Organizer: Karin Dean, Tallinn University, Estonia

Chair: Alexander Horstmann, Independent Scholar, Germany

Myanmar/Burma is a state conceived in 1948, while territorially and socially enforced upon spaces and peoples and ruled through coercion by military regimes since 1961. Until today, however, no central power has been able to enforce whole territorial control over this largest mainland SEA state – particularly at its borderlands that have no pre-existing cultural, economic or geographical affiliations with the present seat of power which perspective has been the basis for the ‘nation.’ At its borderlands, an array of actors have been able to create spaces of their own – whether ’liberating’ these from the state, or negotiating ceasefires for various reasons. This has lead to a complex mosaic of territorialities and practices that may circumvent or bend the normative knowledge informed by laws of citizenship and sovereignty, ethnicity and language, economic activities, politics and governmentality. However, the crucial issue is who constructs and controls the multiplicity of borders, and for what. Theoretically, the border is no longer viewed as a line – be it on the map or as a symbolic line of differentiation. Borders have their own space, exemplified in the term borderland (Rumford 2006). In order to better understand the social, this panel discusses the dynamics and developments at different spaces and contexts of Myanmar/Burma’s borders.
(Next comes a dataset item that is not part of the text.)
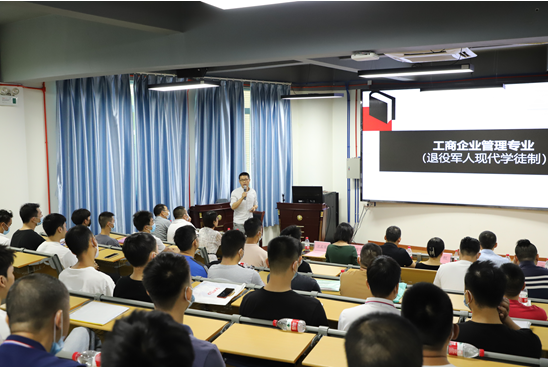 “狹路相逢勇者勝,在座的各位從繁忙的工作崗位上走出來(lái),邁出繼續(xù)學(xué)習(xí)的關(guān)鍵一步,勇氣可嘉。三年后,相信大家一定會(huì)收獲知識(shí)、技能、學(xué)歷,更好地開(kāi)啟新征程?!蓖艘圮娙爽F(xiàn)代學(xué)徒制項(xiàng)目開(kāi)學(xué)典禮上,經(jīng)管學(xué)院院長(zhǎng)肖紅在致辭中對(duì)新生們表示歡迎和祝賀,并表達(dá)了殷切期望,希望大家在求學(xué)期間,修德修身、克勤克儉、心懷理想,腳踏實(shí)地,融入多姿多彩的校園生活,在學(xué)生當(dāng)中彰顯軍人本色和榜樣力量。 市退役軍人事務(wù)局相關(guān)負(fù)責(zé)人對(duì)項(xiàng)目順利開(kāi)班表示祝賀,對(duì)學(xué)院在項(xiàng)目申報(bào)、招生等工作中的辛勤付出表示衷心感謝。他介紹了項(xiàng)目實(shí)施的背景,指出開(kāi)展退役軍人現(xiàn)代學(xué)徒制教育,是退役軍人安置工作的一項(xiàng)重要內(nèi)容,通過(guò)現(xiàn)代學(xué)徒制,讓大家成為全日制大學(xué)生,進(jìn)行正規(guī)系統(tǒng)的高等職業(yè)教育,是黨和政府送給同學(xué)們的一份沉甸甸的“大禮包”。同時(shí),要求新生們盡快適應(yīng)由士兵到大學(xué)生的角色轉(zhuǎn)變,勤學(xué)善思,掌握就業(yè)創(chuàng)業(yè)本領(lǐng),發(fā)揚(yáng)軍隊(duì)能打勝仗的優(yōu)良傳統(tǒng),爭(zhēng)創(chuàng)佳績(jī),為祖國(guó)和地方經(jīng)濟(jì)建設(shè)再立新功。 學(xué)院工商管理專(zhuān)業(yè)主任沈孟康介紹了學(xué)校和學(xué)院概況,就學(xué)生日常管理、教學(xué)內(nèi)容、方式和計(jì)劃等作詳細(xì)說(shuō)明。表示學(xué)校將采取在崗培養(yǎng)與學(xué)校培養(yǎng)相結(jié)合,堅(jiān)持“標(biāo)準(zhǔn)不降、模式多元、學(xué)制靈活”,線(xiàn)上與線(xiàn)下混合教學(xué),實(shí)行工學(xué)交替、靈活多元的教學(xué)模式。經(jīng)管學(xué)院已配備了教授、博士等“精銳”師資團(tuán),“量身定制”人才培養(yǎng)方案,全力保障“八一班”的教育教學(xué)質(zhì)量。

The aim is to extend understanding of the border – as one of the key issues for the politics of the troubled ’geo-body’ such as Myanmar/Burma but also in wider social theory where Myanmar/Burma’s borders challenge many of the dominating discources, past and present.
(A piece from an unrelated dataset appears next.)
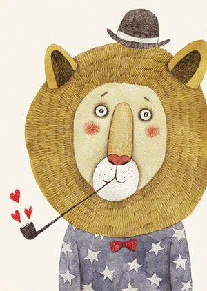 A poster with a cute, lovestruck lion.
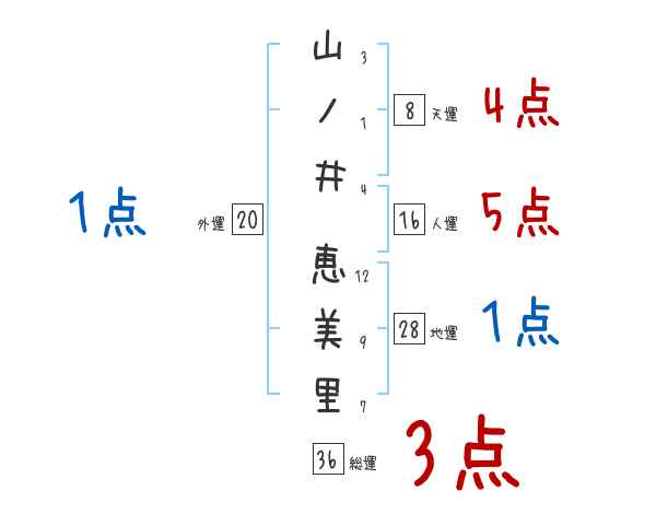 総運![]() | 山ノ井恵美里さんの総運は36画の3つ星!先見性が豊かです。多少神経質で苦労することも。 あなたの人生を表す1番重要な運勢です。生涯を通じて影響する総合運となり、主に50歳以降の晩年期に影響を及ぼします。 |

Who Borders? Refugee Crisis, Humanitarianism, Control and Repression at the Thai-Burmese Border
Alexander Horstmann, Independent Scholar, Germany

In this paper, I am interested in the position and contextuality of the people who have to run away from civil war and military deafeat, but are constantly involved-against all odds- in the reconstruction of their life projects. I see refugees not only as passive recipients of humanitarian aid, but as active participants who have their share in bordering and rebordering (see Brees 2010, Dudley 2010). In the paper, I begin by outlining a political topography of the different actors and forces who control and govern the borderland. The state, military, local government, illicit economy, armed movements of the minorities, entrepreneurs etc. are involved in creating a special border zone. They control the refugee camps that are called temporary shelters, but have become durable phenomenona. International humanitarianism holds the political project of the ethnic minorities and refugees from Burma alive. The control and repression of the Thai authorities is never total, but there is a dynamic that develops in the refugee camps and outside of the refugee camps and in Burma itself. I outline the different spaces in which the refugees move, including the camp, border town and countryside and how the refugees as collective actors move and reproduce themselves in these spaces. I provide the case of Karen Christian Baptist networks, NGO's and their translocal alliences to illustrate the movements and agency of refugees across the Thai-Burmese border. In the context of political defeat, people use their ressources to create at the micro-political level their own sovereignties.

Lands of Moving Borders
Maxime Boutry, Independent Scholar, Thailand

This paper is co-authored by Olivier Ferrari, Reseach Fellowq IRASEC, 29 Sathorn Tai Road, Bangkok 10120, Thailand oliferrari@gmail.com Studying the South borderland between Thailand and Myanmar/Burma as a living space for its populations, its management, questions right away the center-oriented concepts of nations and ethnicity thus addressing a reflection to both politics and scientific researches. Borderland’s populations of the South occupy and shape their own social space that may be defined according to different aspects at different scales. Paradoxically, while the static and in many ways ‘imagined’ international frontier is everything but a limit, this social space evolves according to ‘real’ borders moving in terms of time, space and representations. This can be addressed through the understanding of ethnoregional social dynamics that regulate the interrelations between social spaces within a regional cultural framework. We want to assert that borderlands exist more ore less independently from the international frontiers (that are still part of the identity defining factors) but as a wider concept that may serve to study societies within their encompassing nations. We will follow the Burmese migrations from inner Myanmar/Burma towards their littoral, from the Ayeyarwaddy delta to the Tanintharyi peninsula and south Thailand and trace the historical, political, social and cultural events that brought them to the adaptive colonization of the South. In southern Thailand, thanks to preexisting ethnorégional social dynamics, Burmese migrants were able to integrate by adapting their social dynamics to the other populations (Thais, Sino-Thais, Malay muslin, sea gypsies) through social, cultural but also ritual structures. While borderlands can be ‘inside’ the nation as well as transnational, we will show that borders are necessary to constitute social spaces and articulate fluid ethnicities and identities thus helping forming the nations from the ‘peripheries’ toward their center. Indeed, while the nowadays transnational Burmese population can be considered as a social space, its coherence can only be understood through their representations of multiple and moving borders of their own, structuring their diversity.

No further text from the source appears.